Экскурсия (если можно назвать это экскурсией) закончилась уже вечером. Мы, все втроем, уселись за поцарапанным деревянным столом в кухне, где повара когда-то рубили баранов – сюда лопатки, туда филе – для многочисленных гостей, которых виконт приглашал к себе на банкеты. Леклерк сидел бледный, опустошенный, словно другой, сидевший внутри него Леклерк, так и остался в двенадцатом, тринадцатом или четырнадцатом столетии – ушел на пламенный закат и не вернулся. Простите, сказал он, вы, должно быть, страшно проголодались, и направился к холодильнику, вполне современному, и потому совершенно неуместному в столь древнем антураже. Он вдруг начал прихрамывать – или я не замечала этого прежде? Нет, вряд ли, ведь я весь день ходила за ним следом. Я помню, бывает такая хромота, которая проявляется от сильной усталости или при определенной погоде. Позвольте вам помочь, вызвалась я, и хозяин посмотрел на меня с благодарностью. Изабель замечательно готовит, сказал Йоав, умеет устроить пир из ничего.
Леклерк ушел и возвратился с бутылкой вина. Я быстро сделала пирог с заварным кремом и, пока он стоял в духовке, накрыла на стол. Когда я поняла, что положила вилки и ножи не с той стороны от тарелок, было слишком поздно: мы сели есть. Леклерк хотел взять приборы и замер, подняв руки, словно ему загадали загадку, которую он даже не надеется разгадать. Затем, призвав на помощь все свое врожденное благородство, он элегантным движением скрестил руки над тарелкой и взял нож в правую, а вилку в левую. Напряжение, однако, покинуло его чуть позже, когда он взял в рот первый кусок и очень слышно, с явным облегчением, вздохнул. После чего он стал есть, пить и более или менее пришел в себя.
После ужина Леклерк проводил нас в отведенную нам комнату. Если такой поворот событий как-то и обсуждался, видимо, это прошло мимо меня. Тем не менее ужинать мы закончили часов в десять, а разговор о цели нашего визита даже не начинался. Значит, он отложен на завтра. Вещи для ночевки лежали в багажнике – мы планировали остановиться в какой-нибудь уютной гостинице по пути домой. Йоав вышел забрать их из машины, а Леклерк, бормоча что-то об экономке, у которой как назло выходной, занялся поисками постельного белья.
Стоя бок о бок в огромной ванной комнате, мы с Йоавом почистили зубы. В чаше громадной ванны могла бы, пожалуй, поместиться лошадь. Едва легли в кровать, мы начали целоваться. Изи, что мне с тобой делать? – прошептал он, зарывшись губами мне в волосы. Я прильнула к каждому изгибу его тела. Но вместо того, чтобы заняться любовью, как мы делали почти каждую ночь, Йоав начал говорить, шепотом, у самого моего уха. Рассказал новые для меня истории о своем иерусалимском детстве – то, о чем никогда прежде не говорил, словно дом на Белсайз-парк его сдерживал, а здесь он обрел какую-то свободу. Он рассказал о матери: она была актрисой, пока не забеременела. После его рождения она на сцену уже не вернулась, но иногда, вглядываясь в ее фотографии тех лет, он читал на ее лице намек… она просто не успела с ним поделиться своими планами. Он объяснил мне, что до самой смерти мама была своего рода буфером между отцом и детьми. Озвученные ею, его требования смягчались, она всегда находила способ прикрыть Йоава и Лию, облегчить им жизнь.

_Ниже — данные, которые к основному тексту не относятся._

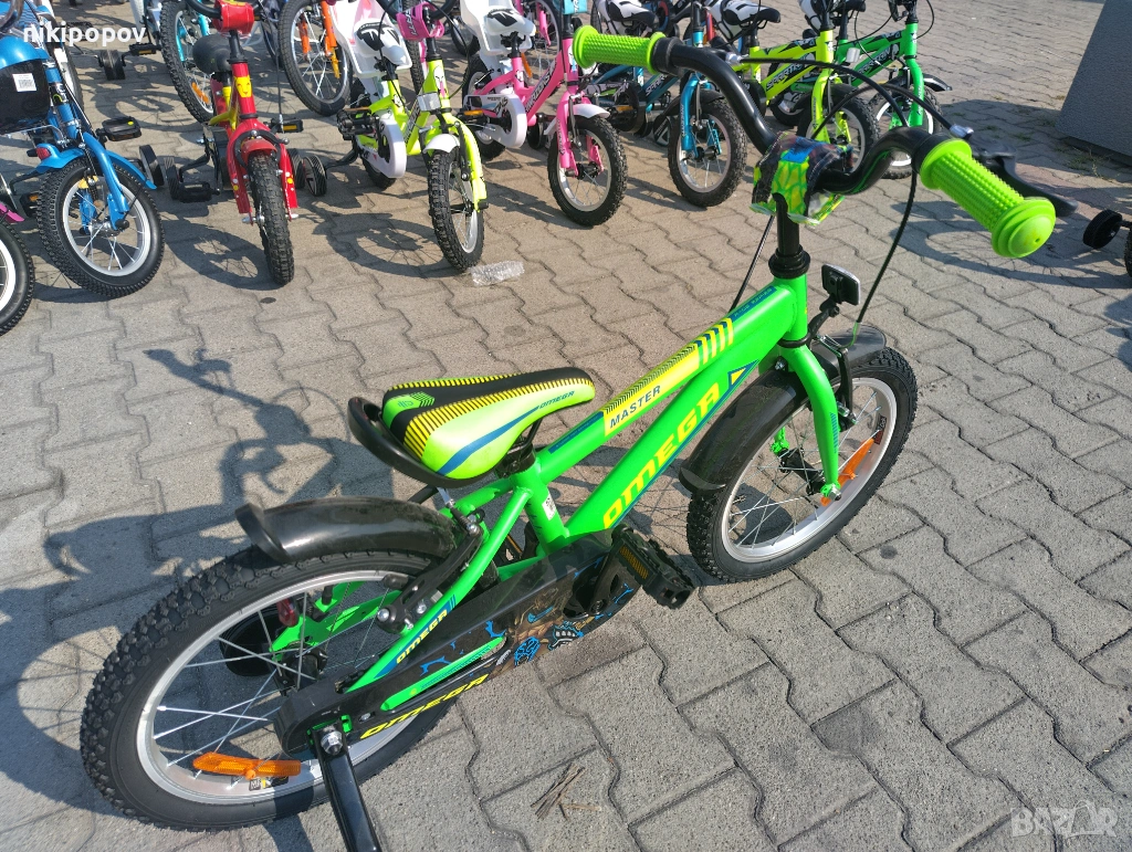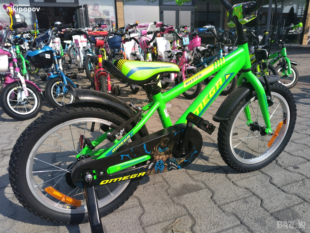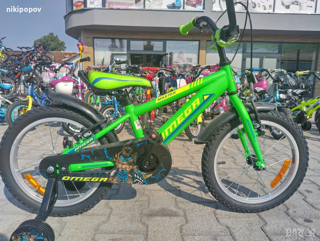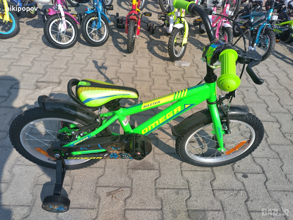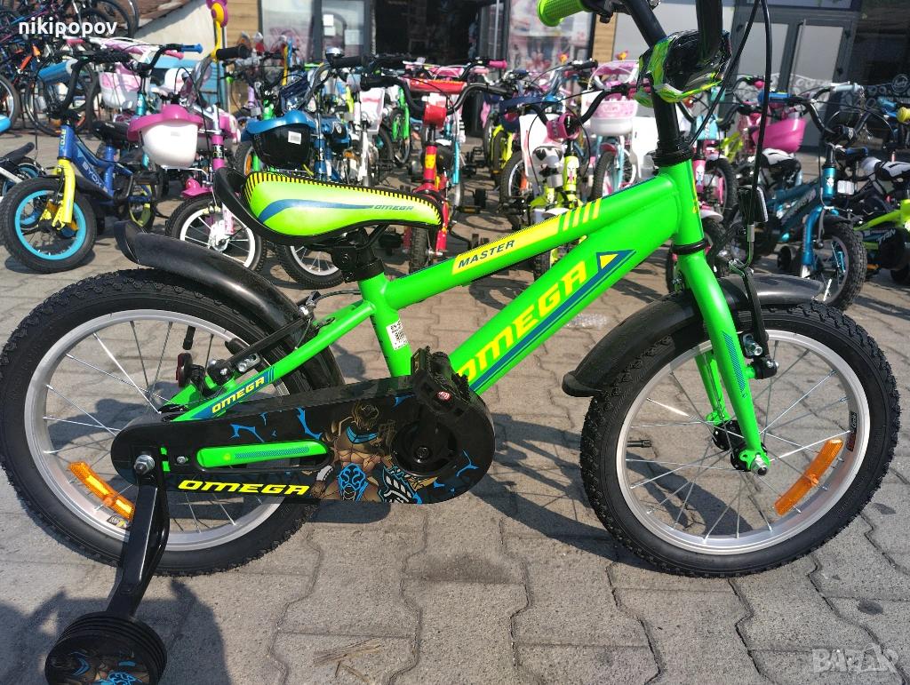 *Детският велосипед на Omega Bikes е един прекрасен избор за децата между 4 и 6-годишна възраст и височина от 100 до 120см. Возилото е снабдено с помощни колела, посредством които детето ще усъвършенства умението си да балансира на две гуми неусетно. Рамката е метална. Велосипедът е с алуминиеви капли. Разполага с предна и задна V-brake спирачка, пластмасови калници и предпазител на веригата.

Спустя несколько часов я проснулась в поту. Встала, выпила воды из-под крана и поняла, что сна – ни в одном глазу. У меня так часто бывает, если я вдруг проснусь ночью. Боясь разбудить Йоава, я не стала включать свет, а решила почитать в другом месте. Нашарила свою книгу – что-то Томаса Бернхарда, не помню что, – выскользнула из комнаты и двинулась по коридору под тусклыми взглядами шести или семи оленьих голов, увенчанных ветвистыми рогами. На верхней площадке лестницы висела маленькая картина Брейгеля, Леклерк показал нам ее во время экскурсии. Одна из классических зимних сцен: серый лед, белый снег, черные остовы деревьев и толпы – скачут, бегут, стремятся, все человечки такие изящные, крошечные, но ни одна миниатюрная человеческая жизнь не оставлена без внимания, каждая выверена и продумана: тут сценка веселья, там – отчаяния, и обе – одинаково зловещи и комичны, если смотреть на них со стороны, зорким взглядом художника. Я подошла поближе. В уголке мужчина мочился на стену дома, а выше, в окне, грубая, простецкого вида женщина готовилась вылить ему на голову полный горшок воды. Чуть в стороне человек в шляпе провалился под лед, а народ вокруг продолжал кататься на коньках как ни в чем не бывало, только маленький мальчик заметил несчастного и пытался протянуть ему конец палки. Эта сценка застыла на самом интересном месте: мальчик наклоняется, протягивает палку, но тонущий еще до нее не дотянулся, и возникает ощущение, что вся картина качнулась туда, в сторону зияющей полыньи, которая вот-вот поглотит все и всех.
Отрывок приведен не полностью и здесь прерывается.